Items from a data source
((
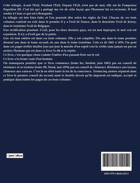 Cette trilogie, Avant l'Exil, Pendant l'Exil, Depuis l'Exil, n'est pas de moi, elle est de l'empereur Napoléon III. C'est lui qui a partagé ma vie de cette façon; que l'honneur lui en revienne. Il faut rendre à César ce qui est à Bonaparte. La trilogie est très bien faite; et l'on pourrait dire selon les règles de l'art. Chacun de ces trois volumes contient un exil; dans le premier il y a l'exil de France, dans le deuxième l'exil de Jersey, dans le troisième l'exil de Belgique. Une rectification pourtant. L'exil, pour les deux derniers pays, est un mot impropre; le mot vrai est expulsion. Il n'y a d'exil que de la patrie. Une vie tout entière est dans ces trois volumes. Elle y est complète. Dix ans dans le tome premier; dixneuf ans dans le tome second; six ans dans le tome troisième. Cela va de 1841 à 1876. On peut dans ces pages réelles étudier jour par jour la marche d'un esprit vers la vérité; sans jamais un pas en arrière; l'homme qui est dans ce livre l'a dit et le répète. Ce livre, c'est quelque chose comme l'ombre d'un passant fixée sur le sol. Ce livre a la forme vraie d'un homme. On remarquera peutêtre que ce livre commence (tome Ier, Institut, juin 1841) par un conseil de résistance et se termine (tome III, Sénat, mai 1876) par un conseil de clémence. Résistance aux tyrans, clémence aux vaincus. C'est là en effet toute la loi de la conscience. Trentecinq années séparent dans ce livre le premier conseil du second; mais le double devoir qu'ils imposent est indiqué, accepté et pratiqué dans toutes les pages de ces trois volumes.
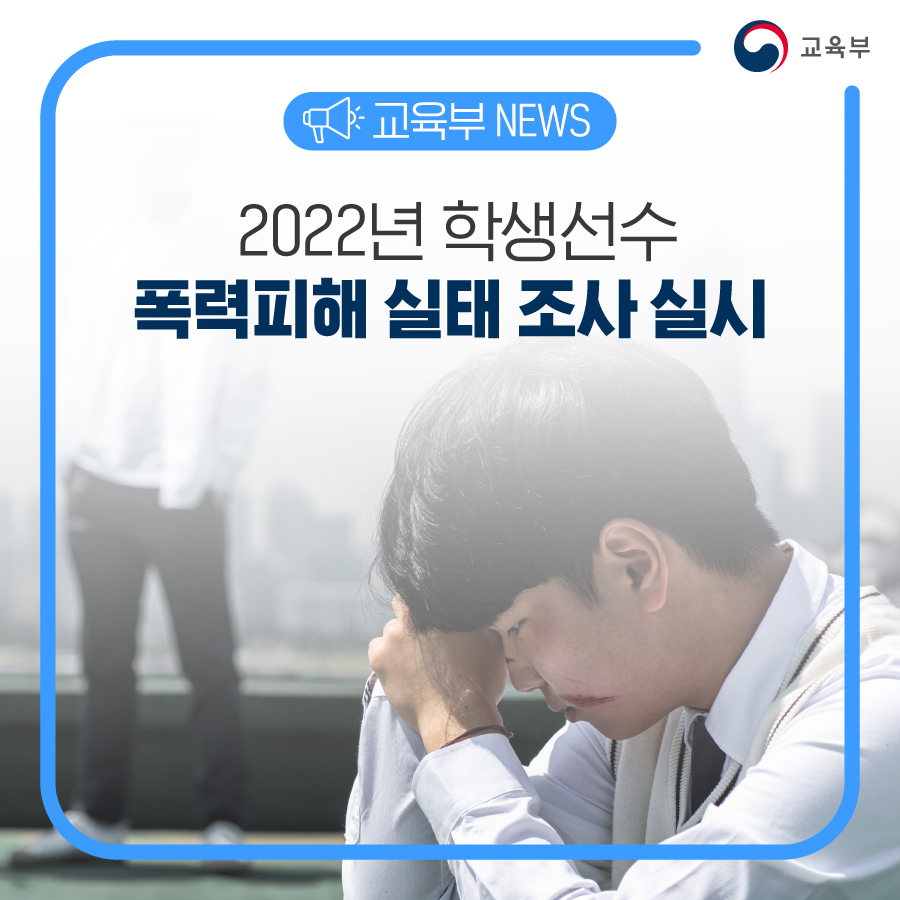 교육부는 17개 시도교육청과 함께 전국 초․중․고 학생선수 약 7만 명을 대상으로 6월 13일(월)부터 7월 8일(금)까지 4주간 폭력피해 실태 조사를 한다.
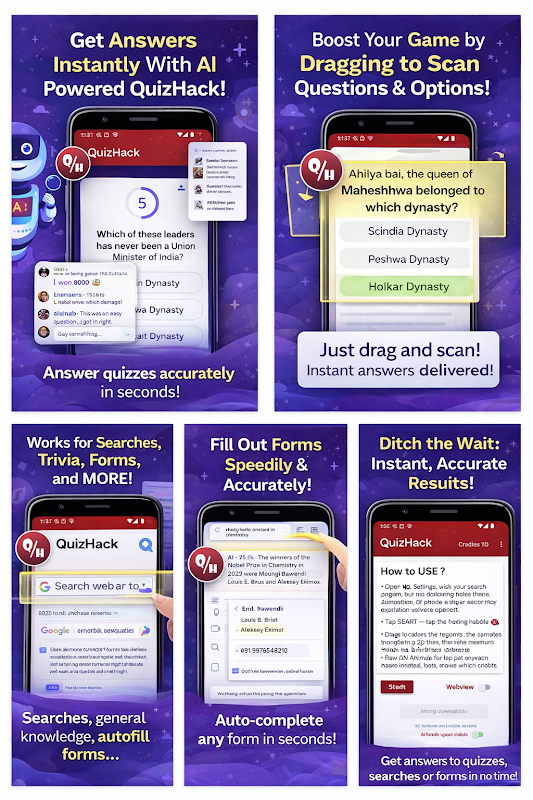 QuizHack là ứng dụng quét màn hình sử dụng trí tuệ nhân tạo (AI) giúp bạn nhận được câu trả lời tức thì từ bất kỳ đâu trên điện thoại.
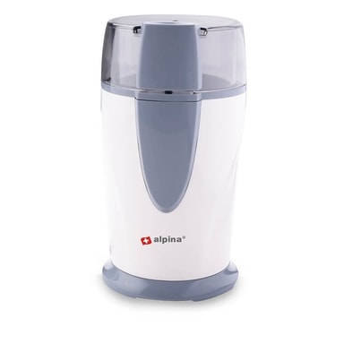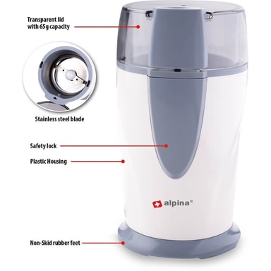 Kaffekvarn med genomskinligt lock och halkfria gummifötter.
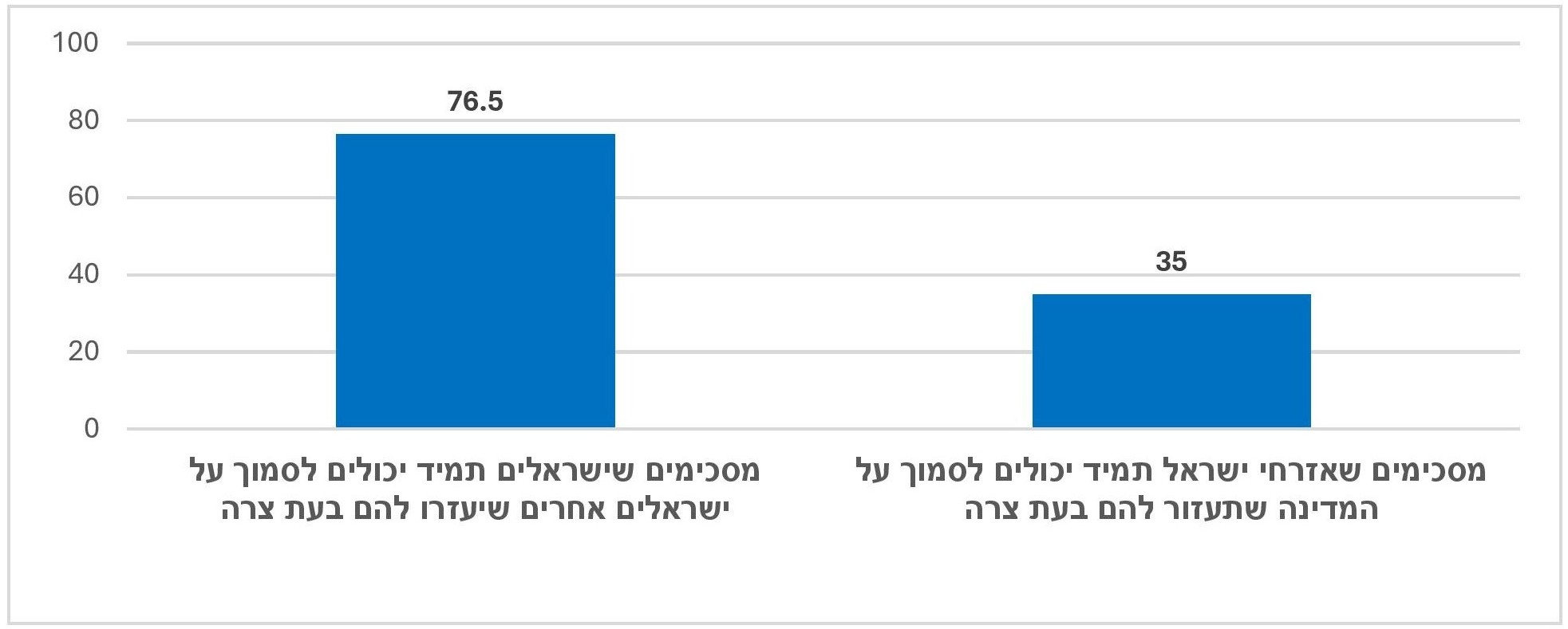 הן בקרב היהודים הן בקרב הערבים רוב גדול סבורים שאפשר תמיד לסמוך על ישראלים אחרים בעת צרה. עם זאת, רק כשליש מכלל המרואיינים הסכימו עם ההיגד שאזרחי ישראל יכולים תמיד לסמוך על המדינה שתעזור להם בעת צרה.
))
Work instruction:
Look for the line that contains "Kaffekvarn med genomskinligt", then please copy it and the rest of the lines through the end of the data, pictures excluded.

Solution for this exercise:
 Kaffekvarn med genomskinligt lock och halkfria gummifötter.
 הן בקרב היהודים הן בקרב הערבים רוב גדול סבורים שאפשר תמיד לסמוך על ישראלים אחרים בעת צרה. עם זאת, רק כשליש מכלל המרואיינים הסכימו עם ההיגד שאזרחי ישראל יכולים תמיד לסמוך על המדינה שתעזור להם בעת צרה.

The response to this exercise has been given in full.